El momento posterior, el más esperado, era cuando le hacía entrega del merecido premio al niño: el tarrito coleccionable que serviría como jaula para las moscas del cristal. Ésta era una actividad que requería de mucha habilidad, y se lograba después de bastantes jornadas cinegéticas volcadas con ahínco sobre las esquinas de la ventana por donde la mosca procuraba escabullirse.
Así que el viento condicionaba en parte la vida de un niño en este barrio de O’Donnell de los años cincuenta, en mi Ceuta natal.
Años después, en otros lugares menos castigados por la furia de Eolo, Señor de los vientos, he oído decir en muchas ocasiones la expresión “hace mucho aire”. Sonriendo en silencio bajo el bigote, he dicho para mis adentros: Se llama viento y tú no sabes lo que es eso.
Carlos Bernal
27 agosto 2021.
Esto era más o menos lo que veía el niño desde su ventana. Foto: Joaquín García Estudillo. |
Mis recuerdos muy parecidos. Solo que yo, desde mi casa, no alcanzaba a ver el mar. Para verlo había que subir a la azotea y, con levante, pocas veces me dejaban hacerlo. Mis vistas eran a un mar de eucaliptos plateados y empapados en el agua a espuertas de la lluvia levantisca.
ResponderEliminarLo sé, amigo Joaquín. Ese paisaje tuyo estaba orientado justo en dirección opuesta. Pero compartimos casi todo lo demás. Un abrazo y gracias por pasarte por aquí.
EliminarCuentas la historia en tercera persona del singular, yo, sin embargo,la he leído en primera persona del plural.
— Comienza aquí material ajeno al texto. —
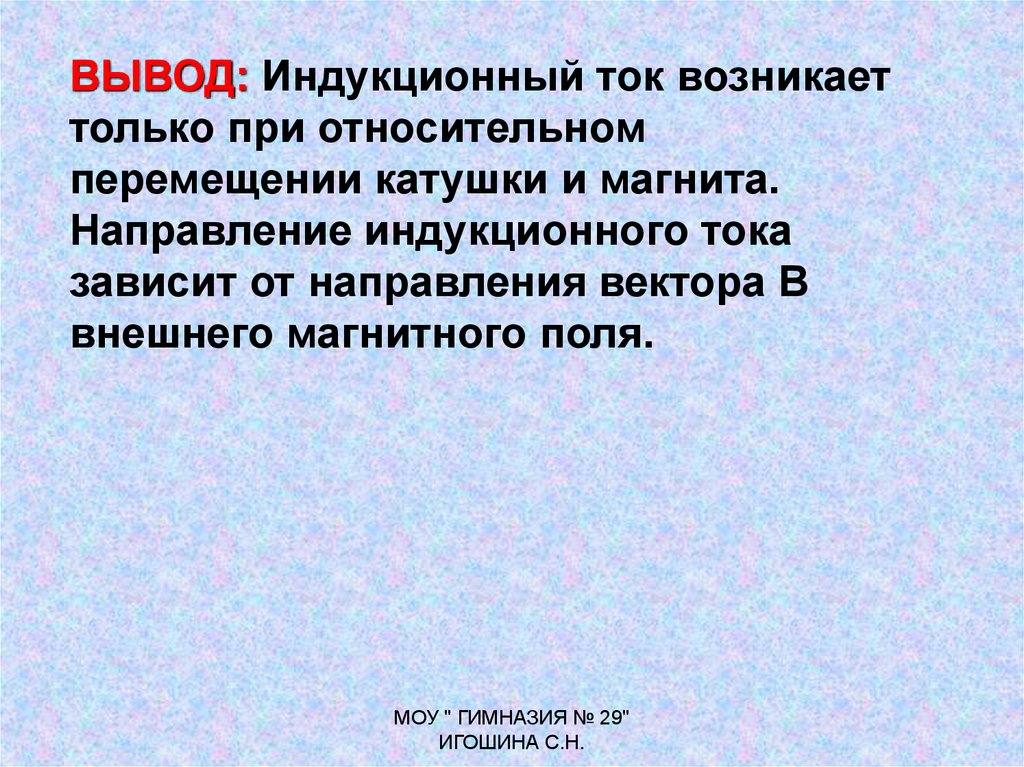 ВЫВОД: Индукционный ток возникаеттолько при относительном

ResponderEliminarMuy buena apreciación, vecino. Justo podría haberla contado así, con un nosotros como personajes, como protagonistas que fuimos, que somos. Pero he preferido esa tercera persona para alejarme un poco y poder verlo con más perspectiva. Cosas de la literatura en pequeñito que uno intenta para pasar el calor de la tarde... Un abrazo y gracias por llegarte.